## Aim of the task
With pictures removed, print the listing exactly.

## Data
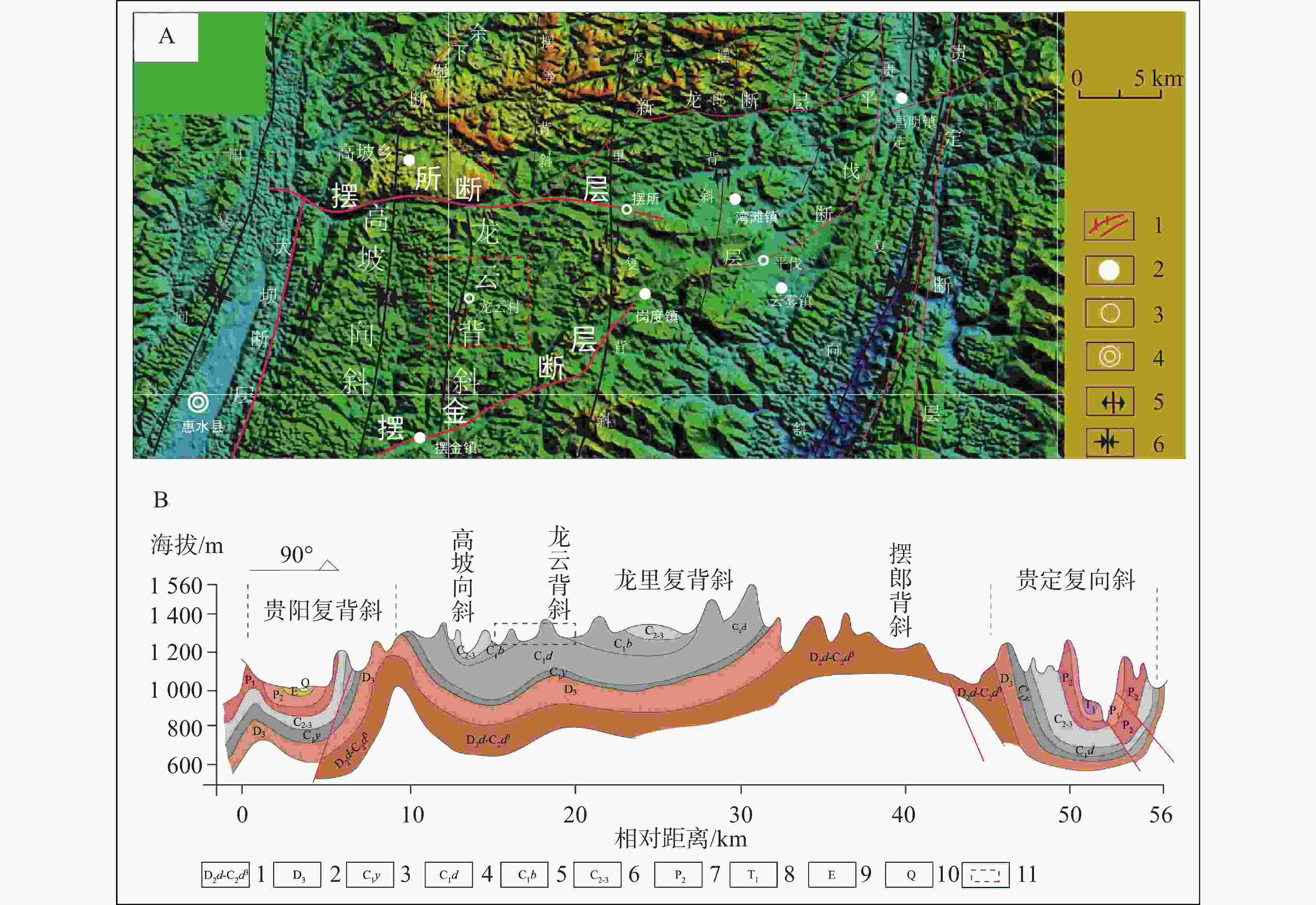 A:1.断层 2.村 2.乡镇 3.县城 5.背斜 6.向斜B:1.泥盆系中统独山组 2.泥盆系上统 3.石炭系下统严关阶 4.石炭系下统大塘阶 5.石炭系下统摆佐组 6.石炭系中上统 7.二叠系中统 8.三叠系下统 9.第三系 10.第四系 11.研究区
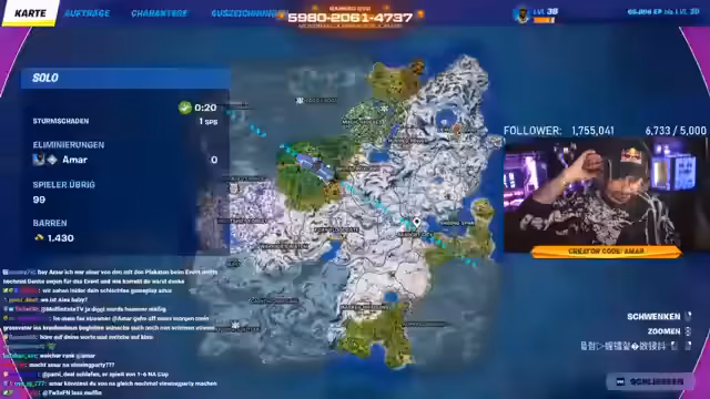 00:05:12Der Streamer begrüßt die Zuschauer zurück auf seinem Kanal und stellt die heutige Viewing-Party des Trio Performance Cups, auch bekannt als Cash Cup, vor. Bei diesem Turnier treten Spieler mit den meisten Serious Points aus den vergangenen Seasons in zwei Stunden im Open-Format an. Die Top 33 qualifizieren sich für das Finale, bei dem der Gewinner pro Runde 1200 Dollar Preisgeld erhält. Der Streamer erwähnt auch seinen Creator Code AMA und dass bei 50.000 Einträgen das nächste LAN-Event instant hosted wird.
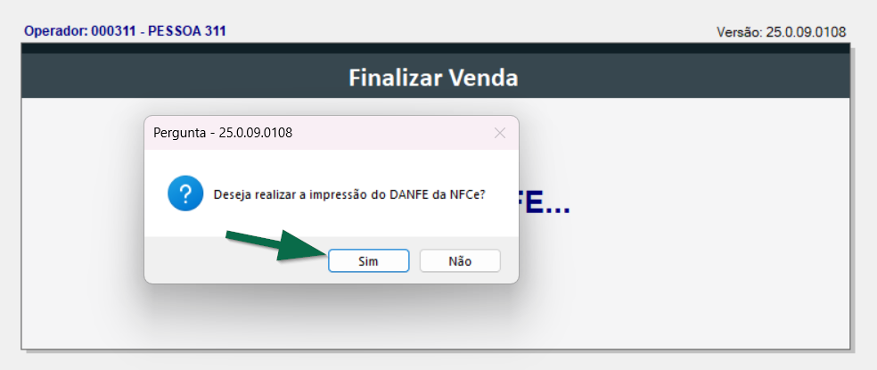 Se o parâmetro estiver configurado com a opção “0 – Imprime DANFE, comprovante de cartão e outros comprovantes”, o comprovante será impresso normalmente, pois essa opção imprime automaticamente todos os documentos. Nesse caso, será exibida a mensagem: "Deseja realizar a impressão do Danfe da NFC-e?" Clique em >> "Sim" para confirmar.

## Response for this exercise
 A:1.断层 2.村 2.乡镇 3.县城 5.背斜 6.向斜B:1.泥盆系中统独山组 2.泥盆系上统 3.石炭系下统严关阶 4.石炭系下统大塘阶 5.石炭系下统摆佐组 6.石炭系中上统 7.二叠系中统 8.三叠系下统 9.第三系 10.第四系 11.研究区
 00:05:12Der Streamer begrüßt die Zuschauer zurück auf seinem Kanal und stellt die heutige Viewing-Party des Trio Performance Cups, auch bekannt als Cash Cup, vor. Bei diesem Turnier treten Spieler mit den meisten Serious Points aus den vergangenen Seasons in zwei Stunden im Open-Format an. Die Top 33 qualifizieren sich für das Finale, bei dem der Gewinner pro Runde 1200 Dollar Preisgeld erhält. Der Streamer erwähnt auch seinen Creator Code AMA und dass bei 50.000 Einträgen das nächste LAN-Event instant hosted wird.
 Se o parâmetro estiver configurado com a opção “0 – Imprime DANFE, comprovante de cartão e outros comprovantes”, o comprovante será impresso normalmente, pois essa opção imprime automaticamente todos os documentos. Nesse caso, será exibida a mensagem: "Deseja realizar a impressão do Danfe da NFC-e?" Clique em >> "Sim" para confirmar.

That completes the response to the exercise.